"I lived in the studio apartment that I bought for four years before I bought it in 1989, so I was already in it. I began living there in 1985, so I've had the same address and phone number since then"
About this Quote
Marilyn Hacker’s line has the offhand precision of someone used to being misread by paperwork. On the surface it’s a small autobiographical knot - she lived in a place before she “bought” it - but the sentence is really about how life, especially a working writer’s life, rarely fits the clean chronology demanded by institutions. The timeline loops because the lived fact came first; ownership arrives later, almost as an afterthought, like the state catching up to reality.

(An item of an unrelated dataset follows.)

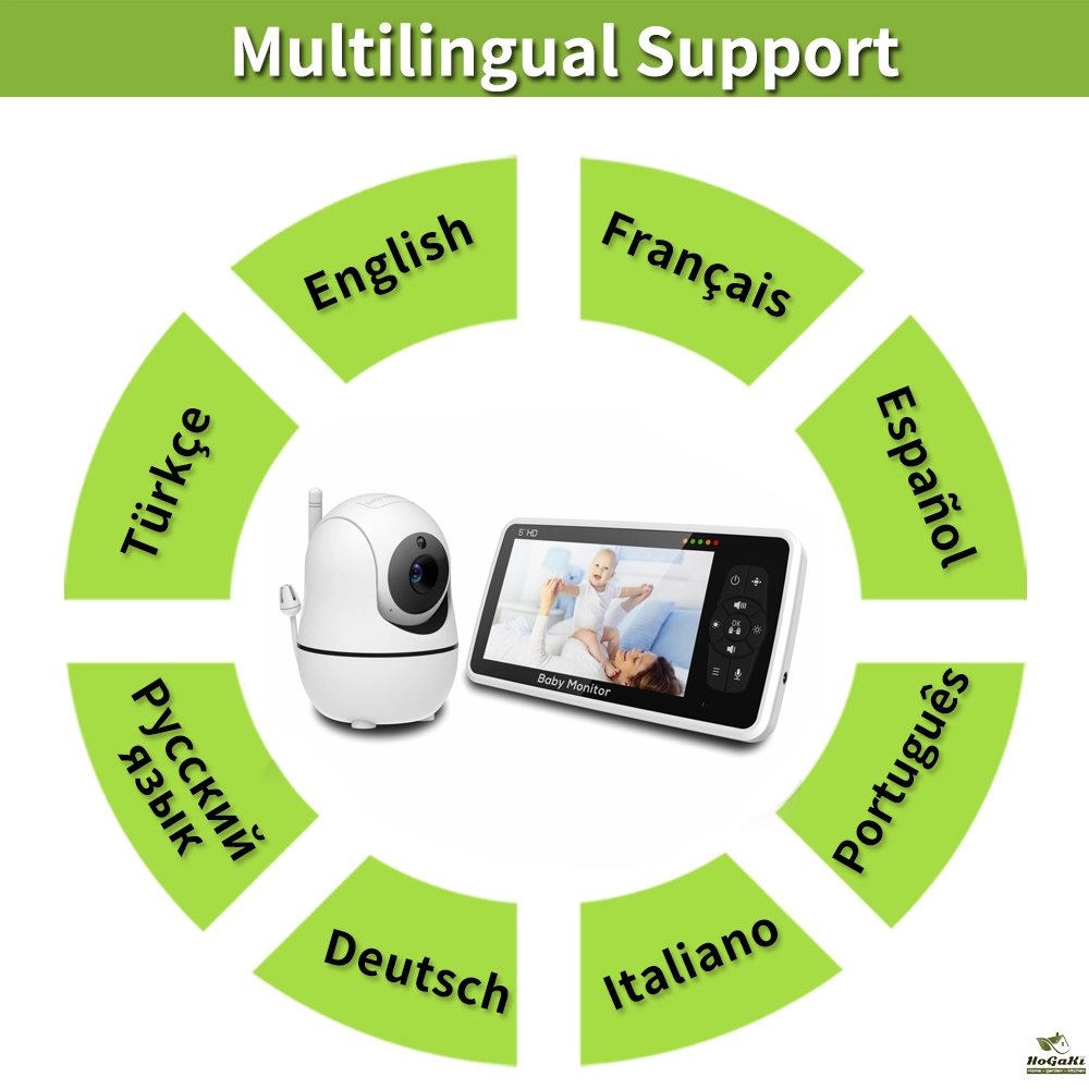 5 Inch Video Baby Monitor With 4X Zoom Babyphone Camera Bebe Nanny Monitors Mother Kid Two Way Audio Night Vision Babysitter

The subtext is class and stability, said without melodrama. A studio apartment is intimate, constrained, unglamorous. Staying put for decades sounds like rootedness, but Hacker frames it as something earned and managed: she occupied the space, then secured it, then kept the address and phone number like hard-won continuity. In a culture that treats mobility as success and reinvention as virtue, the insistence on sameness reads as quiet resistance. It’s also a poet’s sense of how an “address” is both literal and existential: where you can be reached, where you can return to yourself.
Context matters: buying property in 1989, after living there since 1985, nods to an era of urban real-estate churn, gentrification pressures, and the precarious economics of artistic labor. The clipped, almost bureaucratic phrasing (“address and phone number”) doubles as a small manifesto: identity isn’t the brand-new self; it’s the long-held line that still connects.
The subtext is class and stability, said without melodrama. A studio apartment is intimate, constrained, unglamorous. Staying put for decades sounds like rootedness, but Hacker frames it as something earned and managed: she occupied the space, then secured it, then kept the address and phone number like hard-won continuity. In a culture that treats mobility as success and reinvention as virtue, the insistence on sameness reads as quiet resistance. It’s also a poet’s sense of how an “address” is both literal and existential: where you can be reached, where you can return to yourself.
Context matters: buying property in 1989, after living there since 1985, nods to an era of urban real-estate churn, gentrification pressures, and the precarious economics of artistic labor. The clipped, almost bureaucratic phrasing (“address and phone number”) doubles as a small manifesto: identity isn’t the brand-new self; it’s the long-held line that still connects.